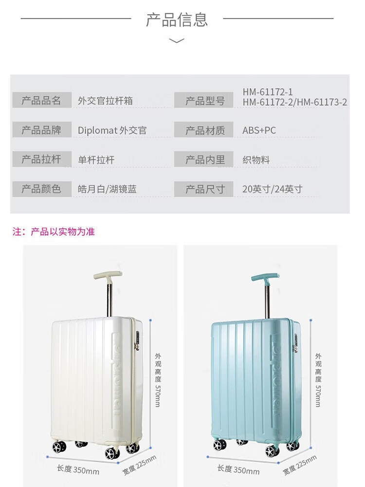 Diplomat外交官时尚单杆轻盈旅行箱HM-61172/61173 湖镜蓝20英寸-
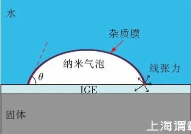 IGE(Interfacial gas enrichment)是指界面气体富集,是由于固液界面处液体中的气体分子含量增多而导致的液体黏度降低。Limbeek在分析纳米气泡稳定性及“反常小”的接触角时,提出了IGE存在的假说。这个假说得到了一些实验支持,Limbeek和Seddon研究发现不同类型气体生成的纳米气泡具有不同的接触角,并把这种现象解释为固体表面上吸附了一层气体分子,而纳米气泡生成在气层上,这使纳米气泡的接触角因气体类型的不同而变化。如果纳米气泡与IGE真的共存,气-水、固-水和固-气自由能会受到影响,纳米气泡的接触角就不能直接利用Young氏方程计算得出。可见,IGE与纳米气泡共存的确会影响纳米气泡的接触角。
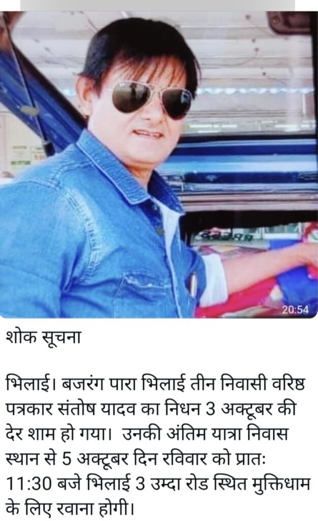 Blog वरिष्ठ पत्रकार संतोष यादव की आज अंतिम संस्कार भिलाई 3 में p mohanOctober 5, 2025 No Comments Spread the love
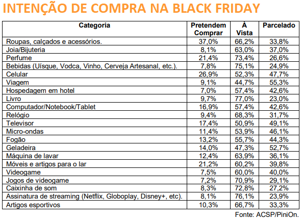 Ruiz de Gamboa lembra que, tradicionalmente, artigos eletroeletrônicos apresentam a maior intenção de compra durante a Black Friday, mas que itens de uso pessoal seguem se destacando. “Isso pode estar relacionado ao fato de os produtos terem valores menores, mais acessíveis, considerando um contexto de situação financeira ainda relativamente difícil”.
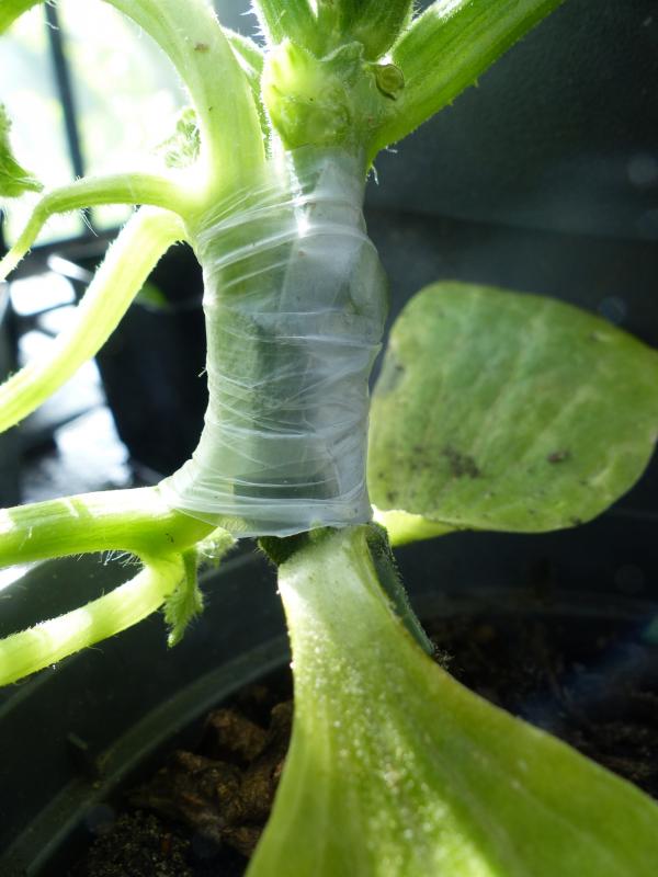 Diesmal habe ich (auch aufgrund der fortgeschrittenen Größe mit Gegenzungen veredelt und zwar so, dass die Melone noch ihre Wurzel in einem separaten Topf behält. Mangels geeigneter Clips habe ich einfach mit Parafilm zusammen gebunden, oder Wäscheklammern.
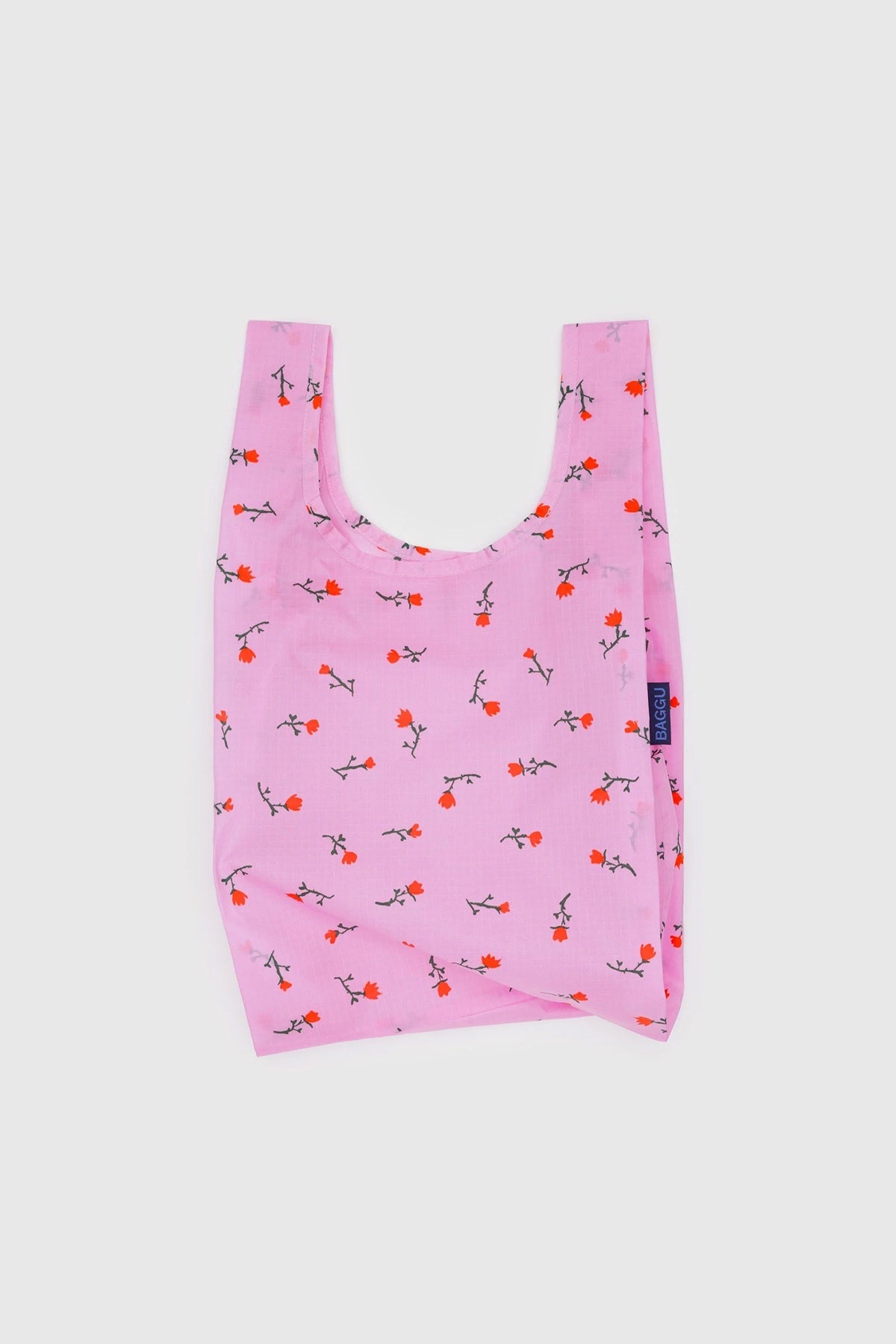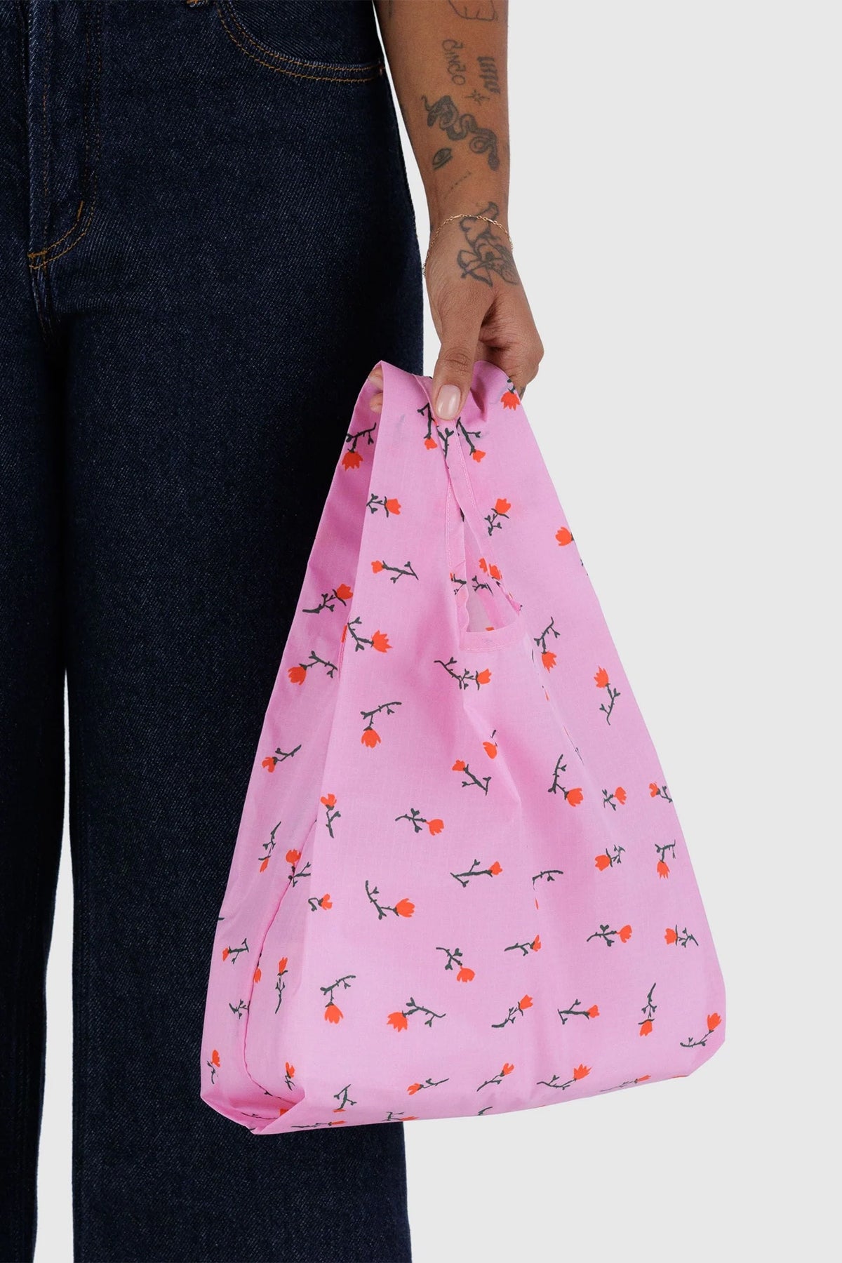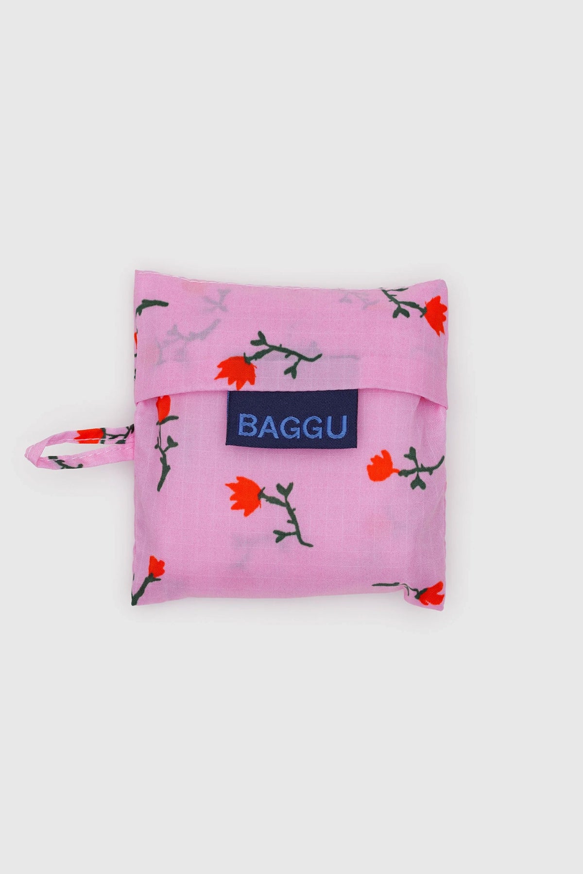 A smaller version of BAGGU's original reusable shopping bag. Perfect for your lunch, a six pack, extra shoes, or a trip to the corner store. A useful loop on its flat-pouch allows you to carry it on your keyring, so you have it when you need it.
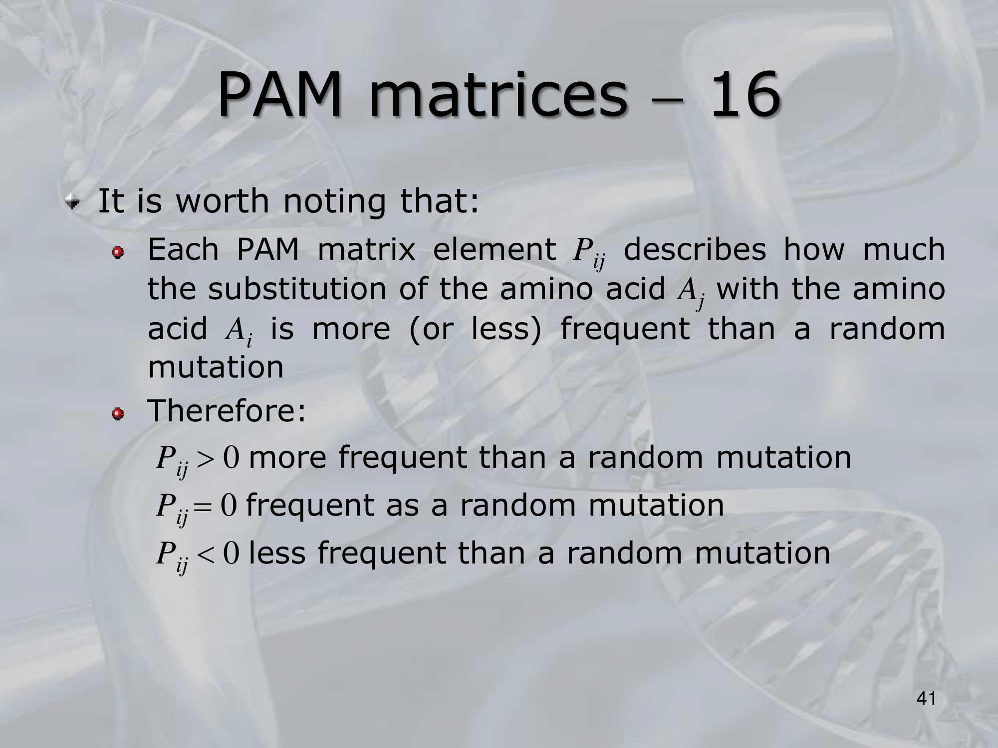 IMPORTANTE Value of the PAM Matrix more frequent than a random mutation frequent as a random mutation less frequent than a random mutation
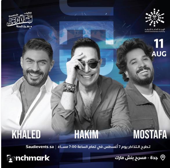 يلتقي رواد فعاليات جدة للمرة الأولى الفنان الشعبي الكبير حكيم والفنان خالد سليم، بجانب الفنان مصطفى حجاج، وذلك في الـ11 من أغسطس الجاري على مسرح بنش مارك بطريق الملك عبدالعزيز بمدينة جدة.
* * * * * * *
WHAT YOU SHOULD DO:
Please copy every entry exactly, without the pictures.

ANSWER SPACE:
 Diplomat外交官时尚单杆轻盈旅行箱HM-61172/61173 湖镜蓝20英寸-
 IGE(Interfacial gas enrichment)是指界面气体富集,是由于固液界面处液体中的气体分子含量增多而导致的液体黏度降低。Limbeek在分析纳米气泡稳定性及“反常小”的接触角时,提出了IGE存在的假说。这个假说得到了一些实验支持,Limbeek和Seddon研究发现不同类型气体生成的纳米气泡具有不同的接触角,并把这种现象解释为固体表面上吸附了一层气体分子,而纳米气泡生成在气层上,这使纳米气泡的接触角因气体类型的不同而变化。如果纳米气泡与IGE真的共存,气-水、固-水和固-气自由能会受到影响,纳米气泡的接触角就不能直接利用Young氏方程计算得出。可见,IGE与纳米气泡共存的确会影响纳米气泡的接触角。
 Blog वरिष्ठ पत्रकार संतोष यादव की आज अंतिम संस्कार भिलाई 3 में p mohanOctober 5, 2025 No Comments Spread the love
 Ruiz de Gamboa lembra que, tradicionalmente, artigos eletroeletrônicos apresentam a maior intenção de compra durante a Black Friday, mas que itens de uso pessoal seguem se destacando. “Isso pode estar relacionado ao fato de os produtos terem valores menores, mais acessíveis, considerando um contexto de situação financeira ainda relativamente difícil”.
 Diesmal habe ich (auch aufgrund der fortgeschrittenen Größe mit Gegenzungen veredelt und zwar so, dass die Melone noch ihre Wurzel in einem separaten Topf behält. Mangels geeigneter Clips habe ich einfach mit Parafilm zusammen gebunden, oder Wäscheklammern.
 A smaller version of BAGGU's original reusable shopping bag. Perfect for your lunch, a six pack, extra shoes, or a trip to the corner store. A useful loop on its flat-pouch allows you to carry it on your keyring, so you have it when you need it.
 IMPORTANTE Value of the PAM Matrix more frequent than a random mutation frequent as a random mutation less frequent than a random mutation
 يلتقي رواد فعاليات جدة للمرة الأولى الفنان الشعبي الكبير حكيم والفنان خالد سليم، بجانب الفنان مصطفى حجاج، وذلك في الـ11 من أغسطس الجاري على مسرح بنش مارك بطريق الملك عبدالعزيز بمدينة جدة.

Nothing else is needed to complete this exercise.